You are viewing a plain text version of this content. The canonical link for it is here.
Posted to users@pdfbox.apache.org by Matthias Pigulla <mp...@webfactory.de> on 2023/02/08 14:59:44 UTC

Overlay performance on huge (?) PDF files

Dear PDFBox users,

I am using PDFBox to place overlays on lots of different input files. In general, this works very well and reliably – thank to everyone who worked for that!

However, there is one class of particularly awful input files, like the one at https://www.g-ba.de/downloads/40-268-7473/2021-03-18_ASV-RL_Anpassung-Appendizes-an-EBM_TrG.pdf.

That’s a more than 50 MB, 2000+ pages beast full of complex tables with lots of cells.

When I try to put a single-page PDF as overlay on it with PDFBox 2.0.27, I have to start the JVM with e. g. 8GB of heap memory, and it maxes out a CPU core on my machine for about 6 minutes. The maximum resident set size as reported by `time` is in the range of 2.4 GB. The result file is about four times the size of the input file.

With a snapshot build of 3.0.0, the max RSS seems not to go above 1 GB, but processing is not finished within 15 minutes (when I aborted). Regarding 3.0.0, I have seen the remarks at https://pdfbox.apache.org/3.0/migration.html#reduced-memory-usage, so I thought it might be worth a try. Probably the overlay will end up traversing all pages anyway, so that may not make a big difference.

My questions are:

- Is there anything I can do to make processing of such files faster or more efficient?
- What may be the reasons for the increase in output file size and can I do anything about it?

Thanks!
-mp.


AW: Overlay performance on huge (?) PDF files

Posted by Matthias Pigulla <mp...@webfactory.de>.
Thank you for the helpful answers and sorry for my late reply.

> Are you adding that overlay to every single page of that pdf? Whta is the
> purpose of that overlay? Maybe a rubber stamp is a better approach?

I was not aware of rubber stamps, to be honest. The requirement is to place identical remarks (like “document no longer valid”) on all pages, and it shall not (easily) be possible for users to circumvent those when printing the document. Currently, the necessary overlays are generated in a separate step from FO with Apache FOP, so I have them as PDF files.
I will have to figure out if this is possible with rubber stamps and how (whether?) I could create the necessary input objects from the same source.
> With  regard to 3.0.0 you might have a look at the kind of input source. Have a look […]
… and …
> 3.0.0 creates such compressed object streams by default, so that the result
> size should be similar to the input size
Thank you for those suggestions, I will look into this.
-mp.


Re: Overlay performance on huge (?) PDF files

Posted by Andreas Lehmkuehler <an...@lehmi.de>.
Am 08.02.23 um 15:59 schrieb Matthias Pigulla:
> Dear PDFBox users,
> 
> I am using PDFBox to place overlays on lots of different input files. In general, this works very well and reliably – thank to everyone who worked for that!
> 
> However, there is one class of particularly awful input files, like the one at https://www.g-ba.de/downloads/40-268-7473/2021-03-18_ASV-RL_Anpassung-Appendizes-an-EBM_TrG.pdf.
> 
> That’s a more than 50 MB, 2000+ pages beast full of complex tables with lots of cells.
Are you adding that overlay to every single page of that pdf? Whta is the 
purpose of that overlay? Maybe a rubber stamp is a better approach?

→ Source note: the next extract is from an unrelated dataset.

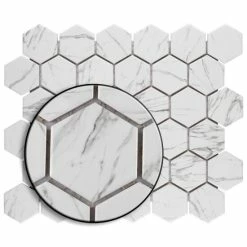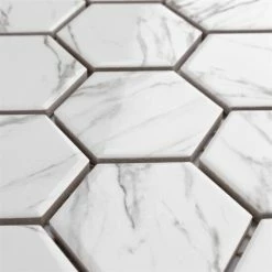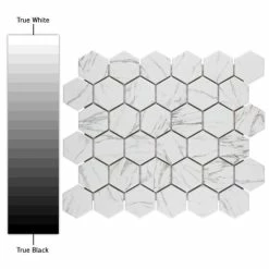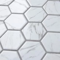 Emulating the timeless beauty of marble in an easy to maintain material, our Flo 2 in. Hex White 11 in. x 12-Β½ in. Porcelain Mosaic Floor and Wall Tile brings functional sophistication into any living space. This marble alternative offers an innovative twist to classic elegance with a modern hexagon mosaic design. Marbleized hexagonal chips are arranged on an interlocking mesh to create a seamless installation. Set on a smooth, glossy white base glaze, each mosaic is complemented with light and dark grey veining striations that sporadically flow throughout each piece for added authenticity. This minimalist geometric porcelain mosaic is unique yet simplistic enough to integrate into any design, ranging from traditional style renovations to modern home projects. Its impervious and frost-resistant features make this an ideal tile for both indoor and outdoor residential use, including backsplashes, bathrooms, showers and kitchens. Tile is the better choice for your space. This tile is made from natural ingredients, making it a healthy choice as it is free from allergens, VOCs, formaldehyde and PVC.
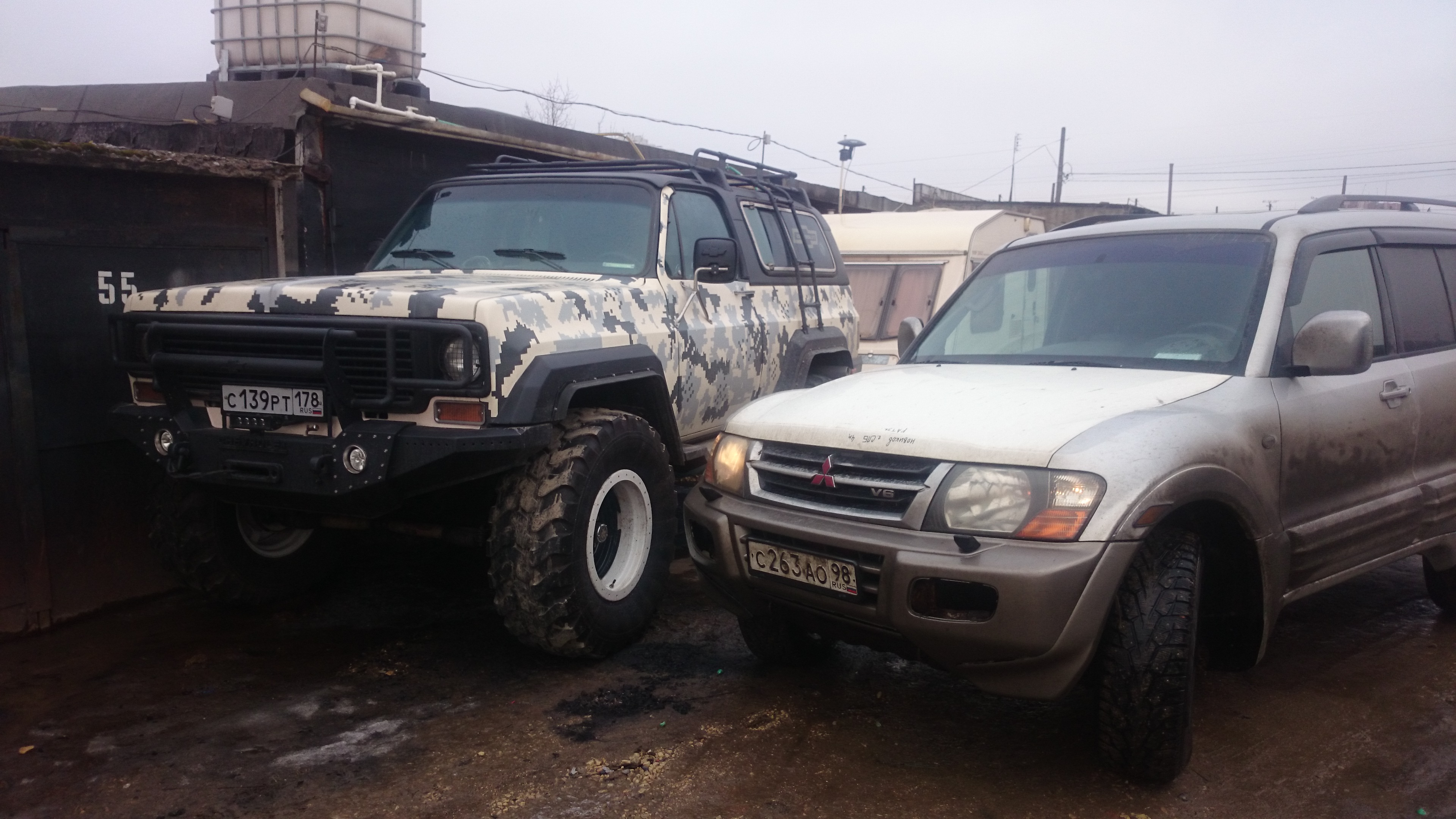 265/70/17 зима, 265/75/16 лето. Лифт+40 мм, Шноркель, Webasto, силовые пороги, съемная лебедь, рация в доработке.

> When I try to put a single-page PDF as overlay on it with PDFBox 2.0.27, I have to start the JVM with e. g. 8GB of heap memory, and it maxes out a CPU core on my machine for about 6 minutes. The maximum resident set size as reported by `time` is in the range of 2.4 GB. The result file is about four times the size of the input file.
> 
> With a snapshot build of 3.0.0, the max RSS seems not to go above 1 GB, but processing is not finished within 15 minutes (when I aborted). Regarding 3.0.0, I have seen the remarks at https://pdfbox.apache.org/3.0/migration.html#reduced-memory-usage, so I thought it might be worth a try. Probably the overlay will end up traversing all pages anyway, so that may not make a big difference.
> 
If you are adding the overlay to all pages the parser more or less has to dig 
through the whole pdf.

> My questions are:
> 
> - Is there anything I can do to make processing of such files faster or more efficient?
Maybe it is a better approach to use a rubberstamp instead of an overlay. With 
regard to 3.0.0 you might have a look at the kind of input source. Have a look 
at the different implementations of org.apache.pdfbox.io.RandomAccessRead. The 
migration guide might give you some additional hints about the usage of the 
input source

> - What may be the reasons for the increase in output file size and can I do anything about it?
I guess your input files are using compressed object streams. 2.0.x doesn't 
support the creation of those streams so that those streams are decompressed 
when adding the overlay. 3.0.0 creates such compressed object streams by 
default, so that the result size should be similar to the input size

Andreas
> 
> Thanks!
> -mp.
> 
> 


---------------------------------------------------------------------
To unsubscribe, e-mail: users-unsubscribe@pdfbox.apache.org
For additional commands, e-mail: users-help@pdfbox.apache.org


AW: Overlay performance on huge (?) PDF files

Posted by Matthias Pigulla <mp...@webfactory.de>.
> In "show internal structure" mode I can show the tree, but if I click to
> expand "root" nothing happens anymore. It's either frozen or busy.
I have observed similar problems (hangs or even crashes) with other software when trying to analyze or optimize these documents. I guess this backs the hypothesis that something in the process of how these documents are being generated (a lot of people and tools involved) causes some kind of internal file corruption.
Do you have any suggestions what to look out for?
Thank you!
-mp.

Re: Overlay performance on huge (?) PDF files

Posted by Tilman Hausherr <TH...@t-online.de>.
On 08.02.2023 15:59, Matthias Pigulla wrote:
> However, there is one class of particularly awful input files, like the one athttps://www.g-ba.de/downloads/40-268-7473/2021-03-18_ASV-RL_Anpassung-Appendizes-an-EBM_TrG.pdf.
>
> That’s a more than 50 MB, 2000+ pages beast full of complex tables with lots of cells.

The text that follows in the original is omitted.